# Our First Goats



## lucyandnoel (Nov 21, 2021)

Hey! Thought I’d share some photos of our first goats, Lucy and Noel. Appropriately named with Christmas names since they were obtained around the beginning of Advent.


----------



## Rancho Draco (Sep 29, 2021)

They're adorable! And what amazing photography skills! Congratulations


----------



## Dandy Hill Farm (Aug 5, 2021)

Your girls are very beautiful!! And your pictures are outstanding!! 🤩 I also have a goat named Lucy and my younger sister's name is Noelle (just spelled different). 😄

What are the future plans for these girls? Just amazing pets? Or do you plan on breeding and milking them?


----------



## BarnOwl (Sep 6, 2020)

Congratulations on your new goats! Beautiful pictures! Looking forward to seeing photos as they grow up and hearing more about them. Goats are so much fun!


----------



## ksalvagno (Oct 6, 2009)

Cute!


----------



## Moers kiko boars (Apr 23, 2018)

Beautiful pictures of your goats & family!


----------



## K.B. (Mar 15, 2021)

Aww so cute


----------



## Damfino (Dec 29, 2013)

They're CUTE!


----------



## Cedarwinds Farm (Dec 2, 2019)

Your little goats are adorable, and your photos are gorgeous!


----------



## toth boer goats (Jul 20, 2008)

Aww, too cute.


----------



## MadHouse (Oct 3, 2019)

I love your pictures. Lucy, Noel and the little girl are absolutely adorable!


----------



## Goatastic43 (Jun 11, 2021)

Awe how adorable! Congrats on getting your first trouble makers…I mean goats! They’re awesome, your going to love all they’re quirky ways!


----------



## iron.mountain.creek.farm (Jun 14, 2021)

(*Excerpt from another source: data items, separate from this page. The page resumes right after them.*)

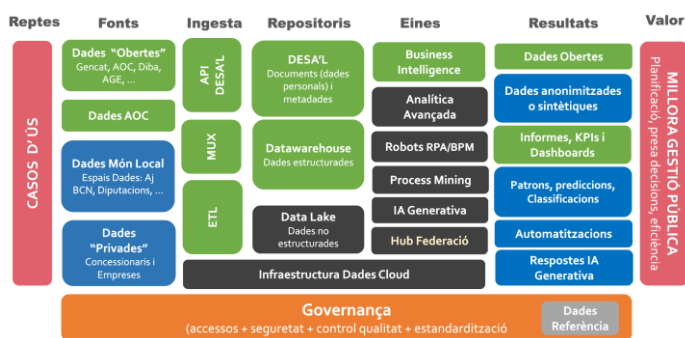
Figura 1. Plataforma de dades del Món Local

El present projecte planteja el desenvolupament, manteniment i gestió d'una plataforma de dades sobre una infraestructura de cloud públic a AWS, i que implementi un llac de dades ( data lake ) per a les administracions locals, permeti l'ús d'eines d'anàlítica avançada i possibiliti processos d'aprenentatge emprant grans volums de dades ( Big Data ).
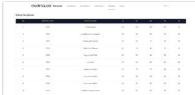
Gambar 9. Tampilan Halaman Data Penilaian CEO

Berikut ini pada halaman data penilaian CEO merupakan halaman yang menampilkan data nilai dari data pelamar yang digunakan dalam proses perhitungan metode Preference Selection Index (PSI). Berikut adalah tampilan halaman data penilaian CEO pada sistem, sebagai berikut:
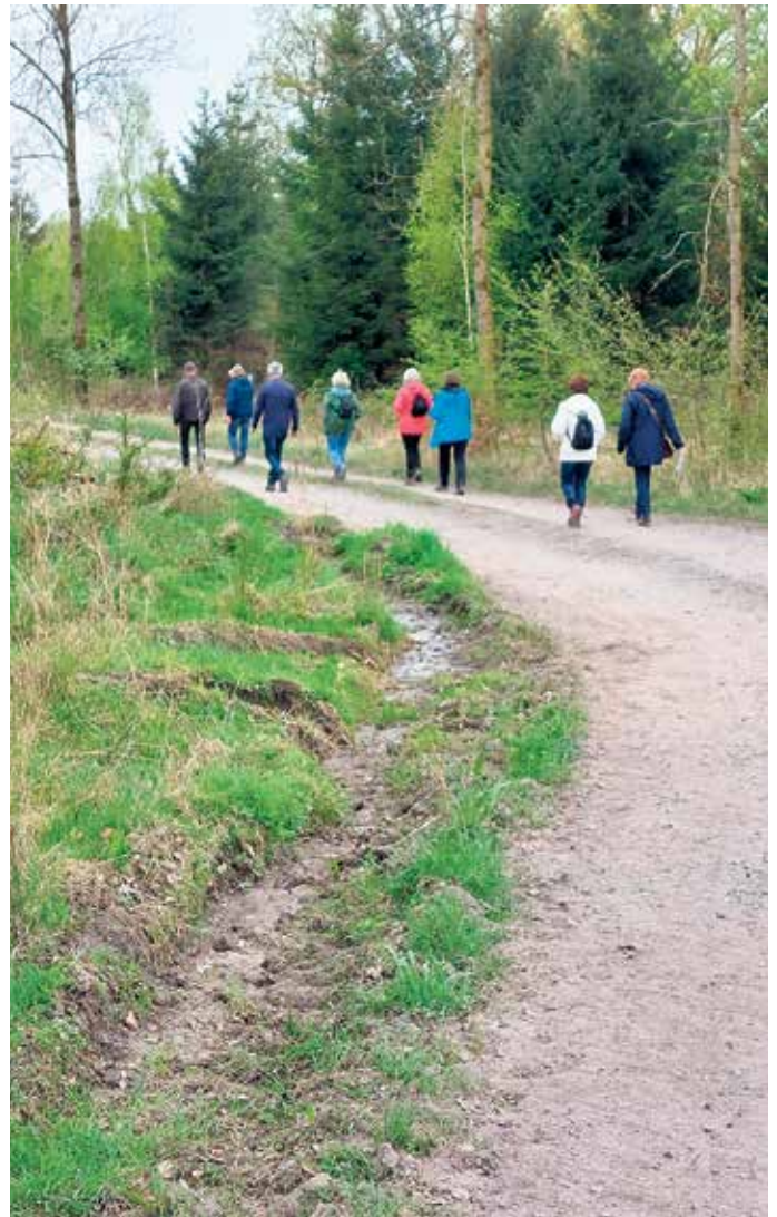
Pilgernd den Pastoralen Raum Börde-Egge erkunden.
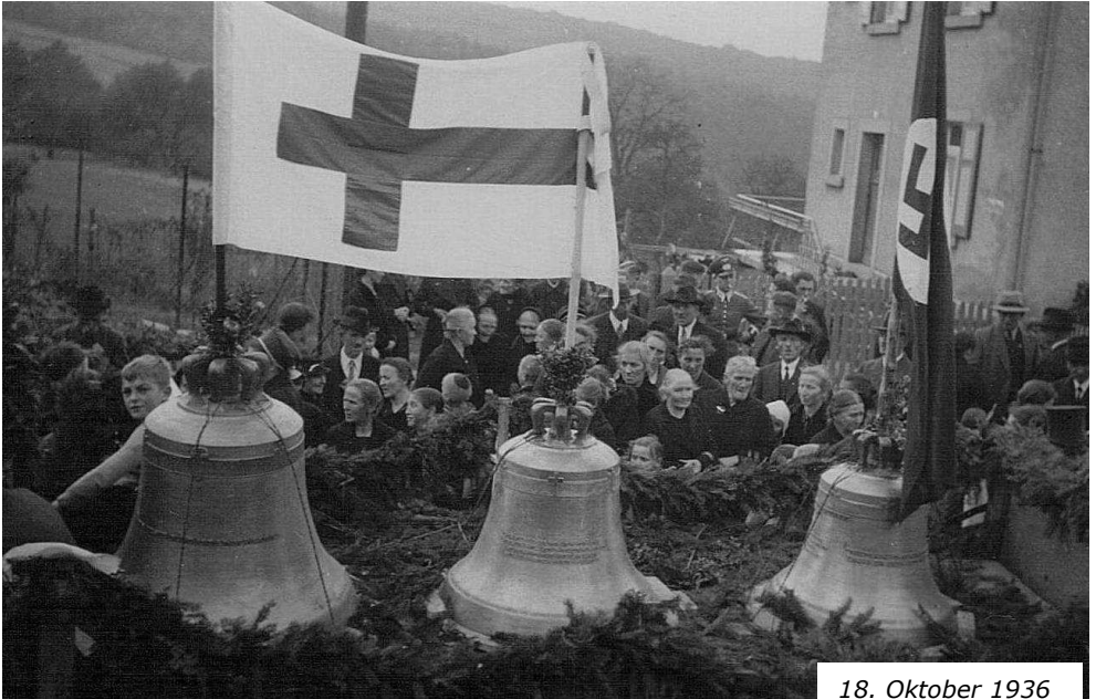
18. Oktober 1936

Die ersten Glocken, die von der Glockengießerei Bachert in Karlsruhe gegossen worden waren, wurden eine Woche vor der Einweihung der Kirche in einem Festzug, eskortiert von Reitern, von der Daummühle aus zur neuen Kirche gebracht.

Congratulations! They are lovely, and so are your photography skills!!


----------



## lucyandnoel (Nov 21, 2021)

Rancho Draco said:


> They're adorable! And what amazing photography skills! Congratulations


Oh thank you! We are smitten with them.


----------



## lucyandnoel (Nov 21, 2021)

Dandy Hill Farm said:


> Your girls are very beautiful!! And your pictures are outstanding!! 🤩 I also have a goat named Lucy and my younger sister's name is Noelle (just spelled different). 😄
> 
> What are the future plans for these girls? Just amazing pets? Or do you plan on breeding and milking them?

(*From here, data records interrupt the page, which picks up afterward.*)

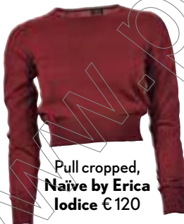
Pull cropped, Naïve by Erica Iodice € 120
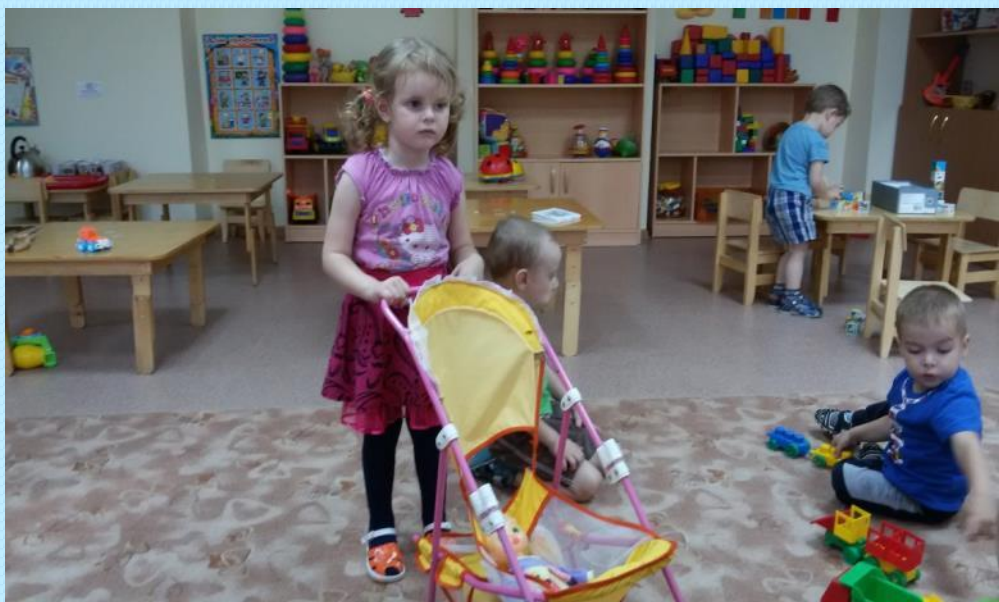
Крупные машины , игрушки каталки
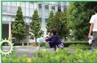
打ち水日和 in INNOVESTA!2019 日中 地面に水をまくと、まわりの 温度が下がって涼しくなるよ！
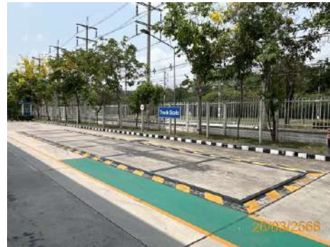
ภาพที่ 2-15 เครื่องขังน้ำหนักรถบรรทุก
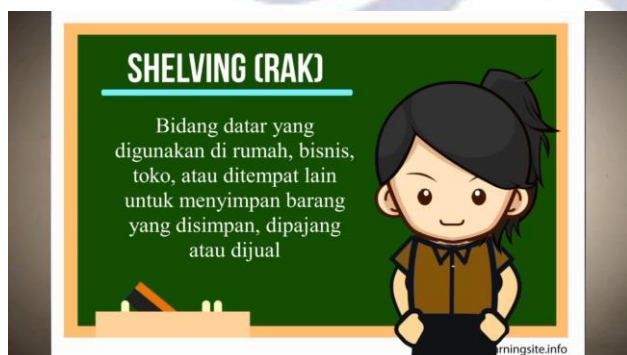
Gambar 1. Contoh Penyesuaian Karakter

Berdasar telaah diatas akan dilakukan perbaikan sesuai arahan para ahli. Berikut adalah contoh revisi yang dilakukan oleh peneliti :

You’re so kind. We plan to use them for milk. Unfortunately we cannot legally have more than 3 goats on our property, so it’ll be just them after we sell the babies as we want to add chickens and we will have met our legal limit. But, let’s be honest, they’re also amazing pets ahha


----------



## lucyandnoel (Nov 21, 2021)

Goatastic43 said:


> Awe how adorable! Congrats on getting your first trouble makers…I mean goats! They’re awesome, your going to love all they’re quirky ways!


We kept hearing how goofy they are and it wasn’t til after their first month adjusting here that their personalities really began to show. It’s been such a treat!


----------



## lucyandnoel (Nov 21, 2021)

BarnOwl said:


> Congratulations on your new goats! Beautiful pictures! Looking forward to seeing photos as they grow up and hearing more about them. Goats are so much fun!

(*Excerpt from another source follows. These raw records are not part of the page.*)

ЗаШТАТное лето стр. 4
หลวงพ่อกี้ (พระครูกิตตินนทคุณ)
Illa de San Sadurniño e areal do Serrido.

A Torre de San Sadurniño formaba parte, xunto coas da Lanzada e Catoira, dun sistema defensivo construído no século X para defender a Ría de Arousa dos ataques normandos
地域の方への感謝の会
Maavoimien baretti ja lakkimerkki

Thank you! Progression photos in the works. They’re already different looking than when these were taken. So much fluffier and a bit bigger.


----------



## Lamancha Lady (Dec 13, 2011)

Congrats on the new goatees they are very cute 🤩


----------



## thefarmgirl (Jul 13, 2021)

Those photos are awesome and so are the goats! I’m jealousyour goats are beautiful!!


----------



## lucyandnoel (Nov 21, 2021)

thefarmgirl said:


> Those photos are awesome and so are the goats! I’m jealousyour goats are beautiful!!


Awww! Haha thank you. They were the last two left to buy 😂


----------



## thefarmgirl (Jul 13, 2021)




----------



## mark.b.matar (Jan 3, 2022)

THATS AMAZING! 😍


----------